Matt and I set up a fixed line to bolt the next route while Jan and others were exploring.  Matt caught on quickly to the bolting thing and within an hour we had the line bolted.  The bottom 1/4 was a little tricky to figure out because it was a little thin and we were trying to keep it at an easy level.  The opening moves are the only reason this was graded at a 5.7.

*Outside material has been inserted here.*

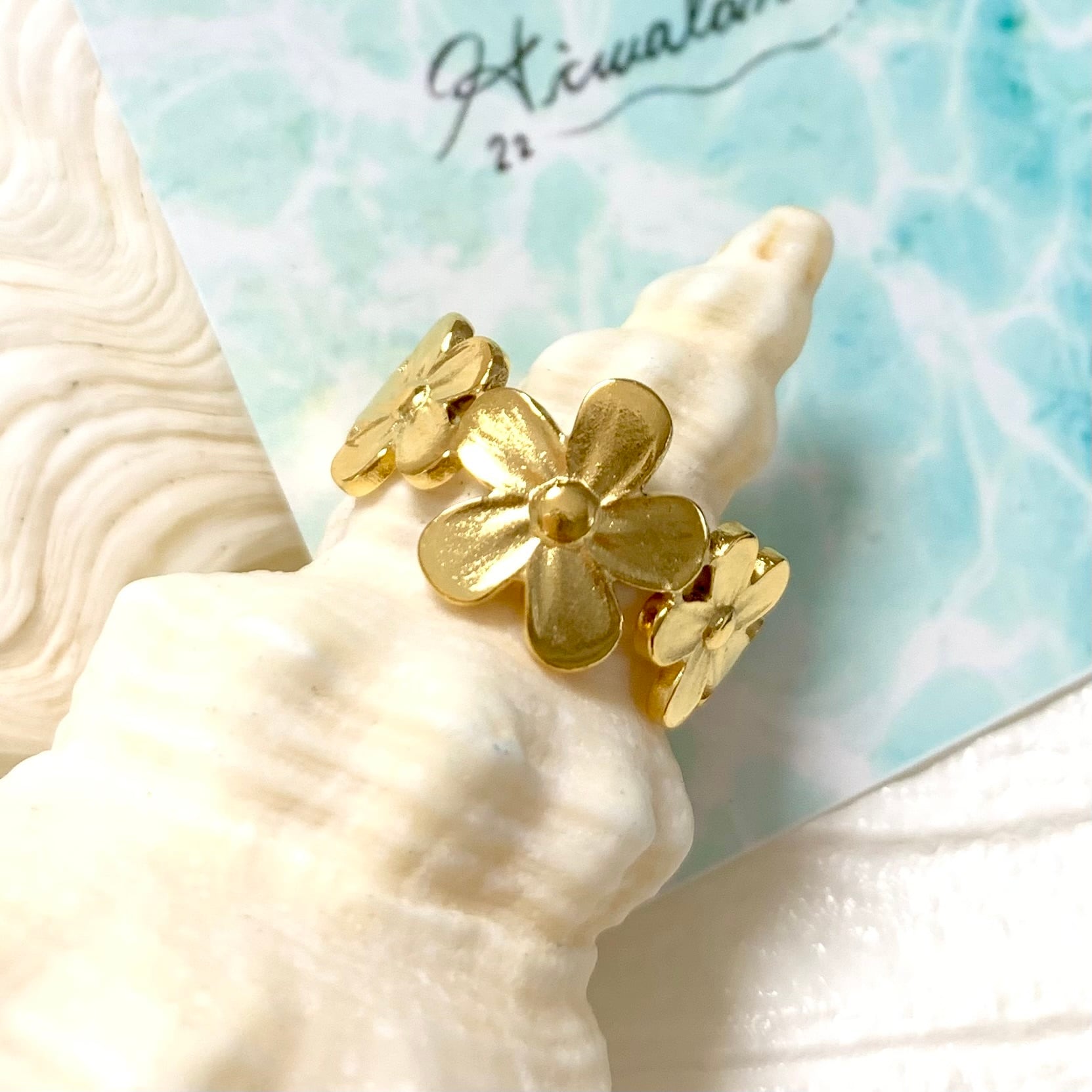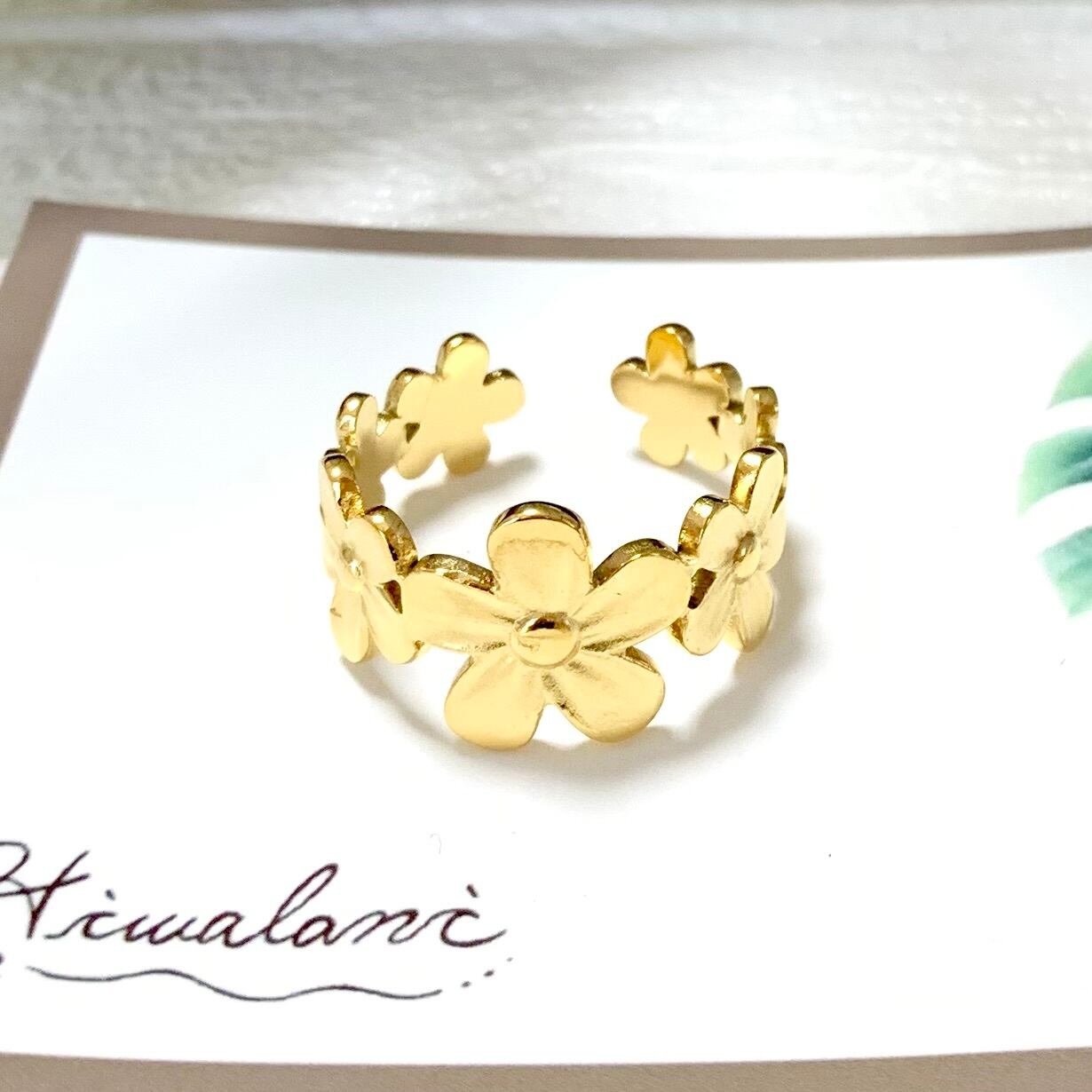【 2way 】 フラワー リング ハワイアンジュエリー ( ゴールド ) プルメリア ハワジュ サージカルステンレス 316L 指輪 フリーサイズ / ニッケルフリー 金属アレルギー対応 / つけっぱなし 錆びない / 送料無料 / ギフト ラッピング プレゼント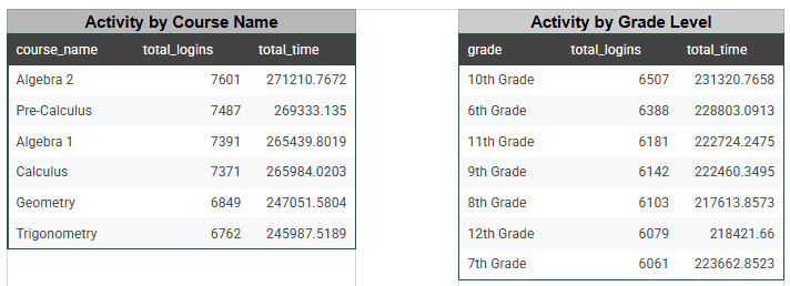 1) Algebra 2 (mid-level) and Pre-Calculus (higher-level) are the most popular math courses, showing similarly high total logins.

Matt sent Sick Like Dog (SLD 5.7).  He felt it was really cool climbing.  This makes the 3rd fully bolted line on the German Face.  German Engineered (GE 5.8), Tauch Auch (TA 5.9) and Sick Like Dog (SLD 5.7).

Saturday got busy.

Saturday down at Manuels was pretty cool, except the bugs were out in full force.  There were 10 or more people out climbing.  Matt came out to do some bolting with me.  Andrew, Giz, Beth an Ben came to check out the climbing.  They had a bit of fun on the established lines.  Jan, Bob and Kelly came to do some more exploring.  Tak showed up solo and later on ever Justin managed to get out of bed.

Thursday, July 02, 2009

Weekend Climbing

It looks like Saturday is the better day for climbing this week.  40% chance of showers.  We will have to play it by ear.  If all goes well...Sick Like Dog!

Wednesday, July 01, 2009

Rock Climbing In Newfoundland

I was told that Paul Chaisson had set up a blog for the Jr Climbing Team and their exploits in Squamish.  They arrived June 29 and were out scoping the territory yesterday.  It sounds like they are pretty stoked.  I wish them all the luck.
I have put the link into my blog.  It is the "Rock Climbing in NFLD" under links to the right.

Noel on Acron 5.8

This is me just starting Acron.  The first bolt is high off the ground and you need to be careful about swinging if you fall here.  If the bolt were lower, there would be a risk of ground fall.  
The route actually starts under and to the right of the bolt but I started from the left arette.  The left definitely makes it harder than a 5.8.